Beginner Medicine Ball Exercises For Home Workouts
This 20-Minute Medicine Ball Workout Gets Me Sweating Every Time
I couldn't text "Yes" fast enough when a friend sent out a mass text to our group offering up her medicine ball to any eager home gym takers. Lucky for me, my eagerness paid off, and I snagged the secondhand medicine ball to round out my home gym a little more. There was one problem: I didn't really know what to do with the new 12-pound addition in my life.
I reached out to NASM-CPT personal trainer and Crunch Fitness Manager Bente Smart to devise a medicine ball workout that will get me sweating, and let's just say: mission accomplished. "Working with medicine balls not only can serve as an interesting alternative to dumbbells and other resistance equipment but also helps to develop coordination and balance," Smart explained. "It also helps to develop explosive power and overall build body strength."
See the workout that's been making me sweat through my Armour® Mid Crossback Sports Bra ($35). Complete all four exercises in a circuit for three rounds to feel that all over burn.
Ball Slams (Burns calories, increases cardio, develops explosive power and strength):
- Stand with your feet shoulder length apart and knees bent.
- Holding the ball in your hands, lift the ball up over your head.
- Throw the ball down in front of your feet while coming down into a squat, being sure to use your legs here and not just your arms. (Editor note: If you're in an apartment, try taking this move outside to a local park.)
- Catch the ball when it bounces off the floor and start again.
- Repeat for 10-15 reps.
Ball Twists (Strengthens the core and obliques):
- Sit down and hold the ball in your hands.
- Lift your feet off the ground and sit on your tailbone (or modify for more beginners by resting your heels lightly on the floor).
- Lean back keeping your chest up and your back flat.
- Twist your torso right to left touching the ball to the ground on each side, making sure that you are not just moving your arms side to side but are twisting at the torso as much as you can.
- Keep that core tight and relax your shoulders
- Repeat for 10 to 15 reps.
Squat to Overhead Press (Works the full body from the glutes and legs to the shoulders and core):
- Stand with the ball at chest height, feet shoulder-width apart in a squat stance.
- Go into a squat holding your chest up and the ball close to the body.

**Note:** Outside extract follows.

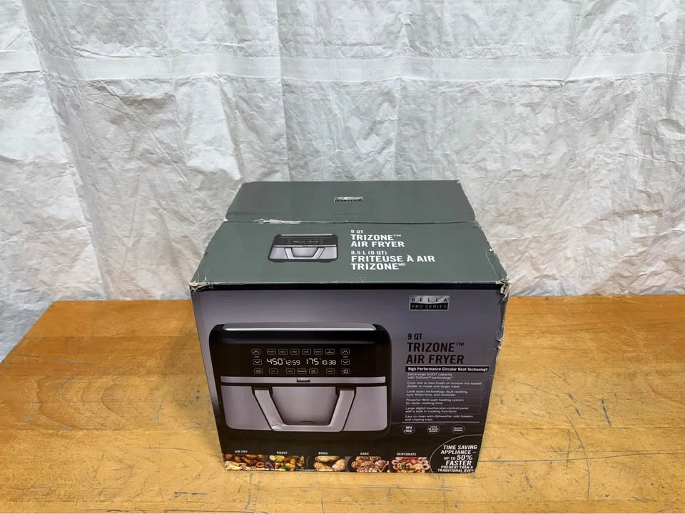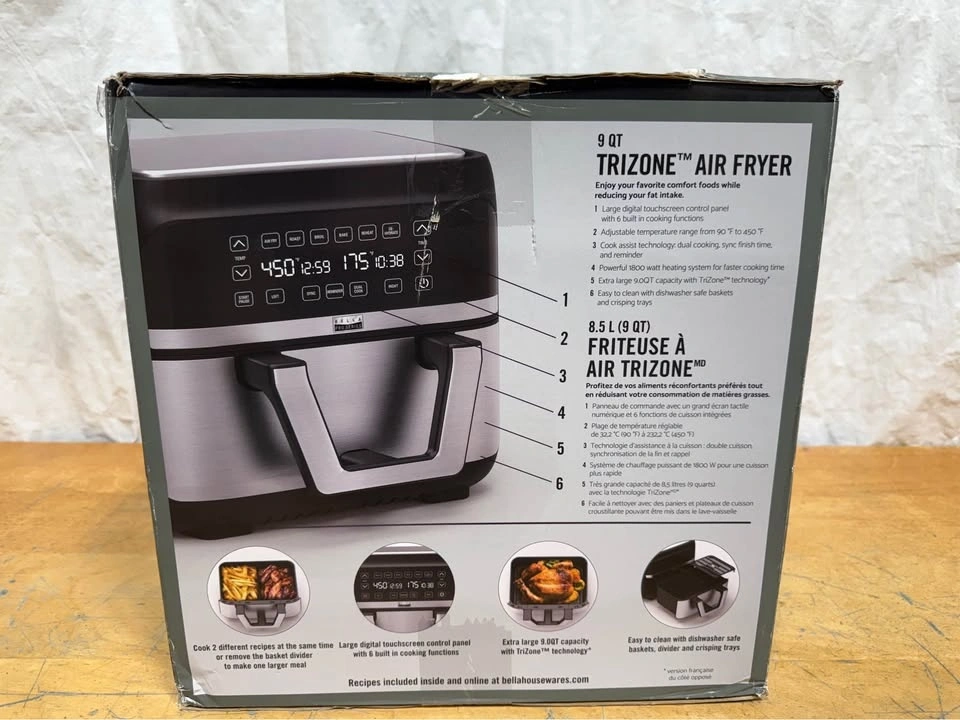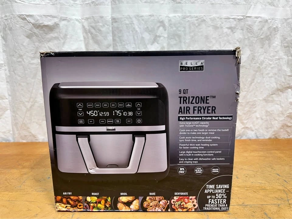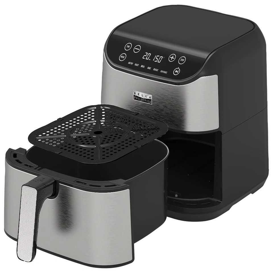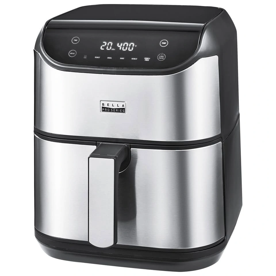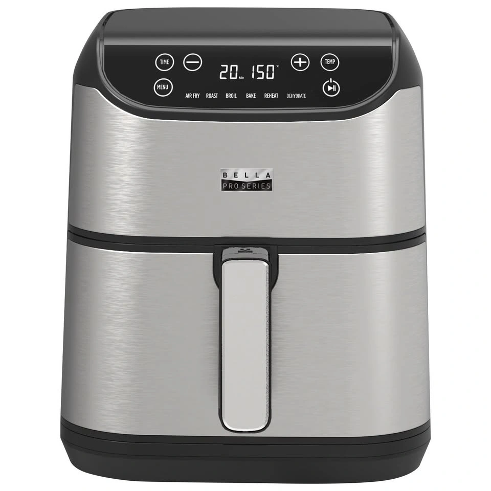 Bella Pro Series 6-Quart Air Fryer. Perfect for everyday meals and family cooking. BRAND NEW sealed in box. This is a true multi-function kitchen appliance, not just an air fryer. What it does: Air Fry (crispy fries, wings, nuggets), Bake (pizza, pastries, desserts), Roast (chicken, veggies, salmon), Broil (steaks, chops, melts), Reheat (leftovers without sogginess), Dehydrate (fruit, jerky, snacks). Features: Large 6-quart capacity for 6-7 people. Digital touchscreen with preset cooking modes. 1500W power for fast, even cooking. Digital touchscreen provides adjustable temperatures from 170F-400F. Built-in timer with Auto shut off and audible tone. Non-stick basket - PFOA free, easy to clean and dishwasher safe. Stainless steel finish adds modern appeal to your countertops. Uses little to no oil. Includes a collection of recipes to help you get started!

- Come to standing and squeeze your glutes and press the ball overhead, making sure your abs are engaged to protect your back.
- Bring the ball back to chest height and repeat.
- Repeat for 10-15 reps.
Lunge to Twist (Works the full body from the glutes and legs to the shoulders and core):
- From a standing position with your feet shoulder-width apart, hold the ball close to your chest.
- Step out with your right foot into a lunge position.
- As you step out, press the ball out in front of you.
- Once at the bottom of the lunge position, rotate to the right 90 degrees.
- Return the ball to center.
- As you push off your right foot to standing, bring the ball back to your chest.
- Repeat for 10 to 15 reps, alternating legs for the lunge.